Early cultivators knew that fertilisation of the flowers inside the edible fig caused the fruit to become fleshy and ripen, and was related to tiny insects entering through the terminal orifice. However, it is clear that they did not understand the mechanism fully, because they used artificial “fertilisation” procedures—such as twirling a feather in the ostium—which would have been of little use because of the long delay between the opening of the female and male flowers.

Perhaps our ancestors attempted such methods in order to overcome a horticultural quandary: to become plump and succulent, figs need to be pollinated, but natural pollination by fig wasps also results in gall forma­tion around the ovaries in which the insects lay their eggs.

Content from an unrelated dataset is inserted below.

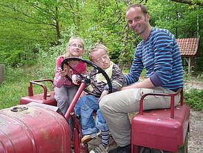 Eine weitere Überraschung für uns war auf dem Spielplatz: ein alter Trecker zum Spielen ...
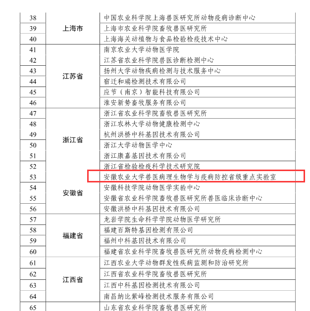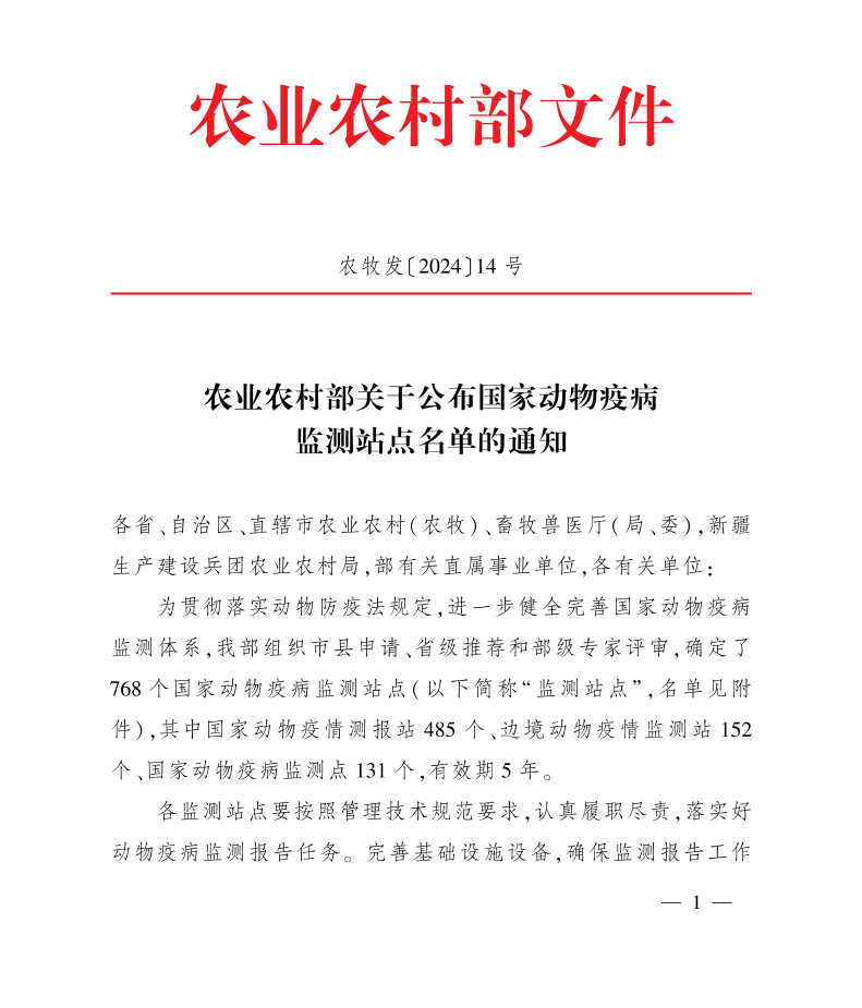 本网讯 近日,农业农村部印发《农业农村部关于公布国家动物疫病监测站点名单的通知》(农牧发 [2024] 14号),我校兽医病理生物学与疫病防控安徽省重点实验室获批“国家动物疫病监测点”。

The galls are hard and gritty, and the fact that they contain insects spoils the palatability of the fruit (to say nothing of its desirability).

The problem was solved by the chance appearance of a new cultivar in which fruit developed without the flowers being pollinated—a phe­nomenon called parthenocarpy. Such figs still contain seeds, but they are not viable. It is not recorded when this sport was discovered, but all modern domestic figs—including the varieties available in New Zealand—are parthenocarpic cultivars presumably developed from this stock.

So when you bite into a sweet, ripe fig this summer, you need have no fear that among the seeds you crunch some will be moving. But if your preference is dried figs . .. well, let the vegetarian beware. For even parthenocarpic fig cultivars still attract fig wasps. In the regions of the Middle East where figs are dried for export, wild figs are still fertilised by their own species of fig wasp, and although in the parthenocarpic varieties the pistils of the flowers are longer than the wasp’s ovipositor (so she cannot lay her eggs in the required spot at the base of the pistil) she can still get into the developing fig—but is destined to remain entombed therein.

For the Moreton Bay fig wasp, though, a kinder fate is in store. Released from her sarcophagus by the burrowing male, she will live to fly another day, pollinate another flower and play her small but vital part in the promise of great trees to come.